The next 30 minutes were a blur. Yes, protection was used (provided by her since I had no clue this could possibly happen); yes, it was full consummation; yes, there was a quid pro quo for her "extra" services; yes, I was happy to lift the yoke of virginity off of me; no, I don't remember her name. As I walked back to my dorm, I tried to digest the experience. It wouldn't be the last time I had passionless relations with a woman, but even then I found the entire experience lacking ... something. Guess that's why I have always pursued relationships instead of brief encounters because sex just isn't satisfying enough as a strictly physical act devoid of emotion.
Now this little bit of TMI is done, I had multiple chances with other girls at Sheppard despite the M/F ratio being against me. Part of it was I was genuinely a nice guy and I think girls sensed that; another was I had physically became a bit attractive after shedding the pounds and developing more mature features. One who actively pursued me for awhile was Debbie, a waif under 5 feet who was very experienced and had burned through several guys even in our brief time at school. I was attracted to her, but was scared that I wouldn't be able to measure up in performance and would end up feeling inadequate. One weekend, a group was going to a cabin at nearby Lake Texoma and she specifically invited me to come with her. Once again, I was 15 year old Bob on the bus becoming scared when a girl came onto him. I told her I had other plans. She looked at me and said "really?" since there was an unlimited string of guys who would have jumped at the chance to bed her, and surely enough that weekend one did. I spent the days psychically kicking myself for being such a wimp, wondering if I would ever man up.
The next weekend, Jim and I had planned to go camping. I was all set, had rented a tent and sleeping bag, and then at the last minute he cancelled. For a girl. Ordinarily, I would have played it off this affront to the "bros before hoes" ethos, but after my previous stupidity I felt betrayed. As mentioned my class rank gave priority for me to select which second-phase training base I would choose to go to for nine months of hands-on lab experience. Jim wanted to go to Ohio since it was closest to his home in Iowa, and since he was my closest friend I was convinced to join him. I had already filled out my preference for that base, but on this Friday as I saw Jim take off with the girl, I knew I had an hour left before the deadline. I walked to the base office and changed my destination to Travis AFB in northern California. After returning on Sunday, Jim was shocked when I told him; everyone else was shocked on Monday when the official assignments were released since my being higher on the priority list knocked people out of their spots and sent them places they didn't want to go to. Needless to say I was the AntiChrist for a few days, and a few guys threatened to beat my ass although nothing came of it.
That one impulsive, emotion-driven decision had consequences I could never have comprehended at the time. My immediate and distant futures were shaped by it, since my following assignments after training were based upon where I was currently at. So, from Ohio, I possibly could have been sent to Florida; from California there were other exclusive possibilities. The lives of others as well: relationships, careers, etc., were to some degree significantly different than if they had gone to their original choice before I upended the apple cart. I will refer to this in later chapters to solidify this point, but I remain as convinced of the Butterfly Effect as I am of the presence of oxygen.

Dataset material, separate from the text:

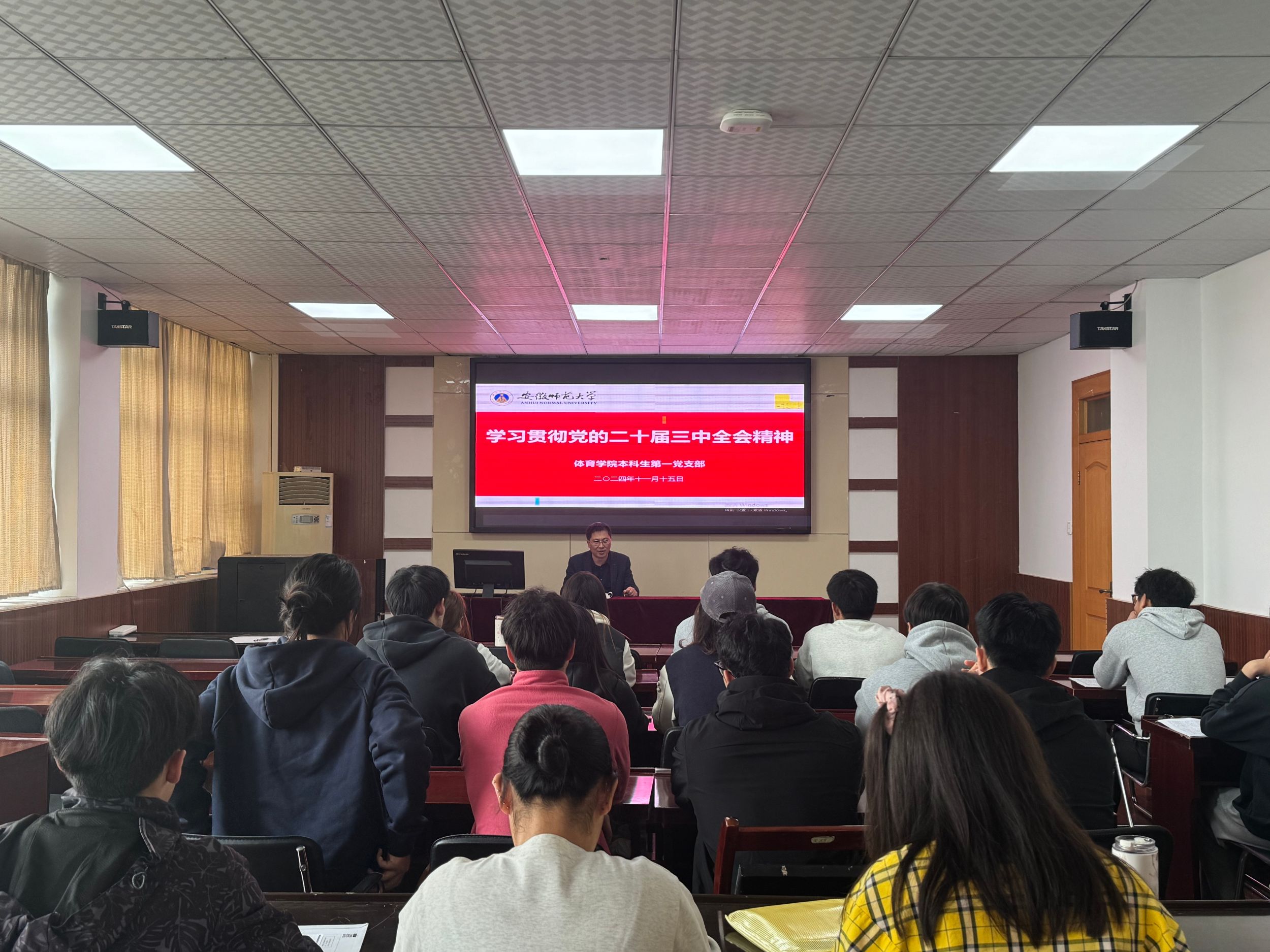 与会人员集体观看了习近平总书记在安徽考察时重要讲话精神的新闻视频。余涛讲授“二十届三中全会精神解读”专题党课,并强调全体党员同志要把学习贯彻习近平总书记考察安徽重要讲话精神与贯彻党的二十大和二十届三中全会精神紧密结合起来,发挥党员先锋模范作用,同时结合高校文化建设与改革,鼓励师生为体育文化的发展做贡献。
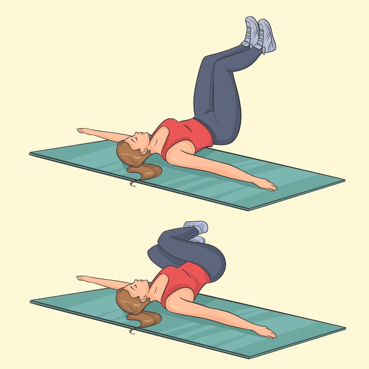 Исходное положение: лягте на спину на коврик и расположите руки вдоль тела для поддержки. Колени согните под углом 90 °.

One quite funny event, though we couldn't laugh at the moment it happened, went down just a week before graduation. We assembled in our hallway for weekly dorm inspection as per usual on Friday, wherein our rooms, our grooming and uniforms would all come under scrutiny of the squadron commander Captain Poe. When the Cap walked around the corner, his second-in-command yelled out "DORM ATTEN-HUT!" We responded as always by clicking our boots together in the rigid attention stance. The vibration of 40 pairs of combat boots laying it in to the floor created a vibration wave, one that in this instance was powerful enough to vibrate the apparently-loosened front cover of the water fountain and cause it to fall with a "CLANG!" onto the floor.
All eyes turned to it, but the cover was no longer the subject of interest. It was instead the three baggies full of weed that some paranoid airman had squirreled away in the fountain's underbelly that had us bugging out. Captain Poe homed in, grabbed the bags and made an on-the-spot highly skilled deduction: "Marijuana!"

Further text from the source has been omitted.